Hi there. Gerry here. Just want to let you know that plummeting stock markets, reckless politicians, crazed rioters in England—all this bad news makes me want to kill somebody.
So I did.
I didn’t like him. He met a horrible end. I felt much better.
This was in my study, at my computer. I was working on a new mystery novel. I suppose you could say it’s sad commentary on our times when murdering someone is a relief from real life. But that’s not really true. Good times or bad, a mystery novel is always the best escape.
If you’re reading this you probably know exactly what I mean. But you also have to admit there’s something a bit odd about it. When reality is too burdensome, stressful, or maybe you’ve just had a long day, your refuge is a fictional world where most likely somebody is about to, or already has come to a violent end. As in shot. Stabbed. Strangled.
There’s good reason for this, and, no, we aren’t all psychopaths. The people who write these books (look at those smiling faces at the top of the page!) are pretty normal and well-adjusted, as are most of the people who read their books. But we know that there is something in many of us that needs a good murder story.

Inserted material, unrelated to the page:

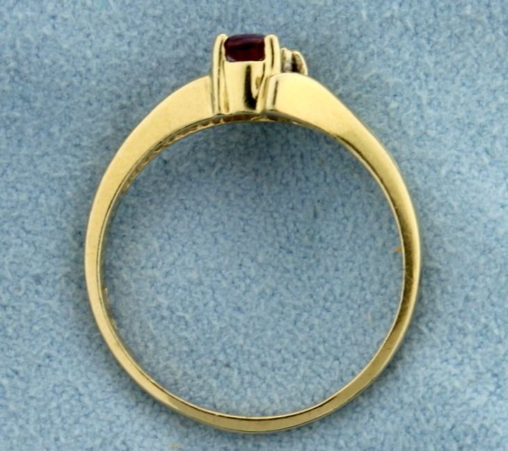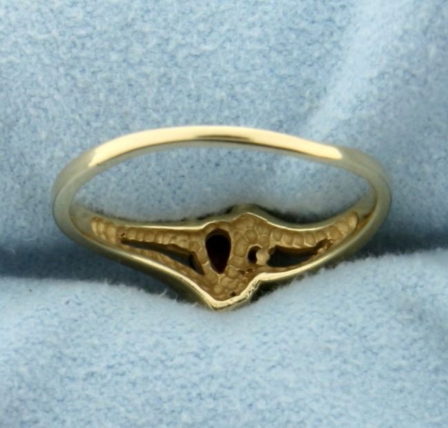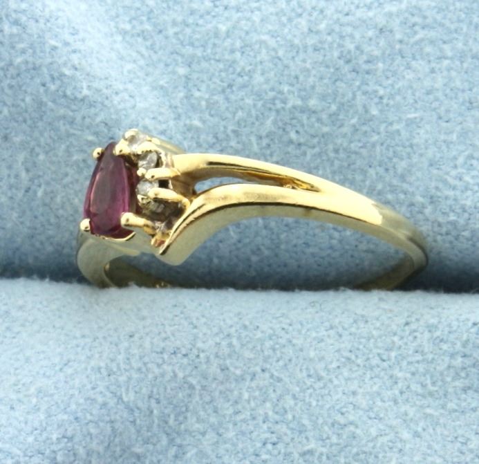 In 14K Yellow Gold. Contains a natural 5x3mm pear shaped Ruby gemstone with excellent clarity and beautiful color. Also contains three high quality .01ct Diamonds. Size 6 3/4. 2.1g

I’m not talking about graphic violence, as I don’t have the stomach for it. I’m not talking about true crime, where justice often isn’t done. I’m talking about books that give us entry into a world where there is good and evil, cops and criminals (sometimes blended together), where the villain usually gets his or her just desserts.
This is an idealized world, in many ways. It usually includes someone who is a threat to good and law-abiding people. And a hero or heroine to arrive and make things right. For a time—a few hours, a few days—we are in a world where, yes, there is evil. But good (presented in many variations) usually prevails. We’re counting on it.
I once asked Robert B. Parker about the detective novel and the originators of the genre. I thought we’d talk about Raymond Chandler. Instead he started talking about Paladin and Sir Gawain and the Green Knight.
There is something in us that needs these morality tales, I guess. I know that this week I’ve felt like fleeing real life for the books on my shelf and the story on my computer screen. In those worlds of murder and mayhem, at least, all is well.